Task Relabelling for Multi-task Transfer using Successor Features
This addresses the problem of inflexible policies in reinforcement learning for researchers and practitioners, but it is incremental as it builds on existing SF mechanisms.
The paper tackled the problem of enabling deep reinforcement learning agents to adapt to new tasks without retraining by using Successor Features (SFs) pre-trained without rewards in a custom environment with resource collection, traps, and crafting. The result showed that a task relabelling method improved agent performance in transferring to various target tasks using only a task vector, with concrete gains in transfer efficiency.
Deep Reinforcement Learning has been very successful recently with various works on complex domains. Most works are concerned with learning a single policy that solves the target task, but is fixed in the sense that if the environment changes the agent is unable to adapt to it. Successor Features (SFs) proposes a mechanism that allows learning policies that are not tied to any particular reward function.
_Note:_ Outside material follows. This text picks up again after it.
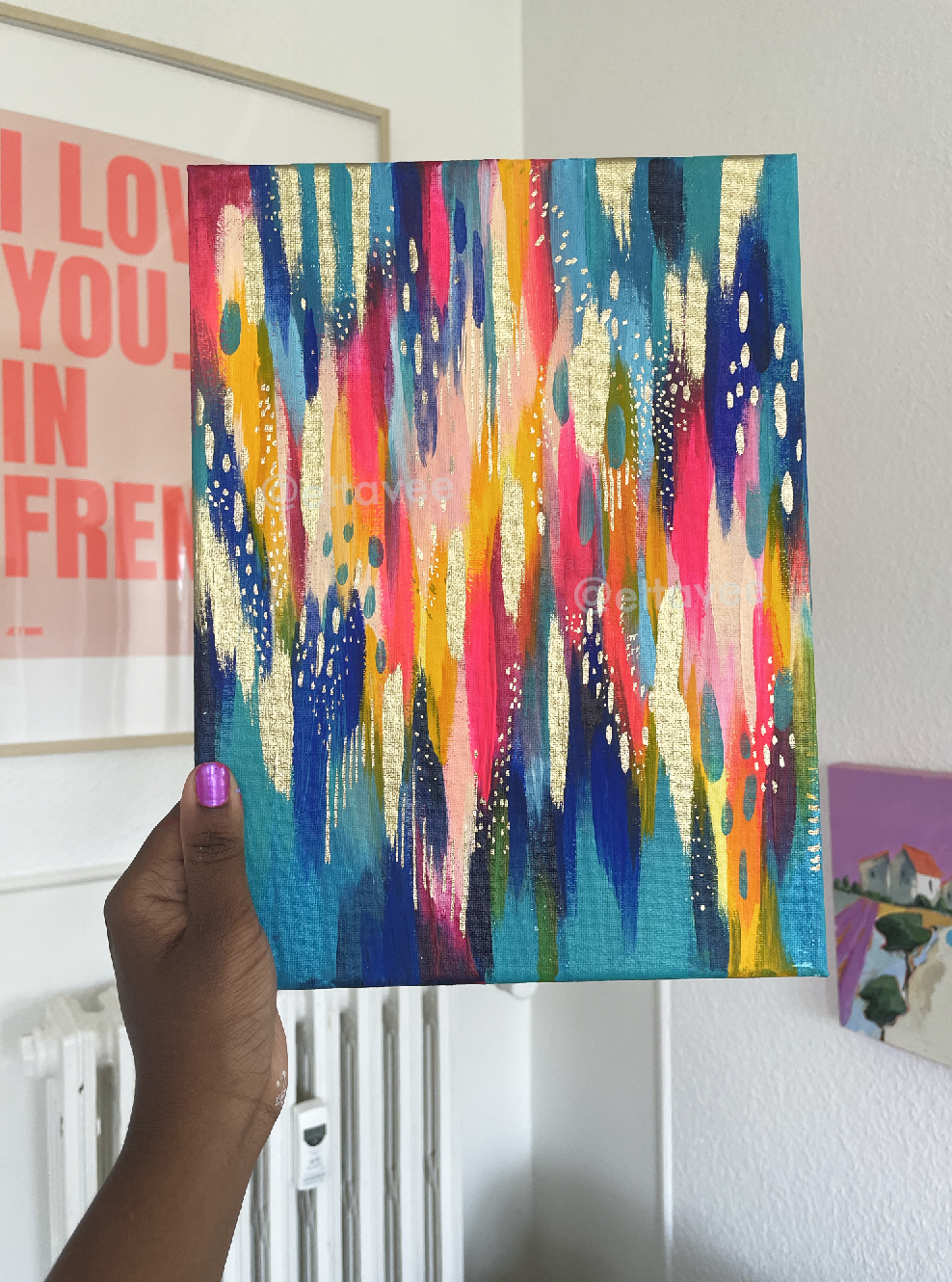 Want more acrylic painting inspiration? Join me in my painting class, Joyful Abstracts, for an in-depth art class where I walk through my entire abstract painting process from start to finish. You’ll learn how to mix colors, how to sketch out your composition, how to paint a balanced abstract, and how to varnish your painting so it will last a lifetime!

In this work we investigate how SFs may be pre-trained without observing any reward in a custom environment that features resource collection, traps and crafting. After pre-training we expose the SF agents to various target tasks and see how well they can transfer to new tasks. Transferring is done without any further training on the SF agents, instead just by providing a task vector. For training the SFs we propose a task relabelling method which greatly improves the agent's performance.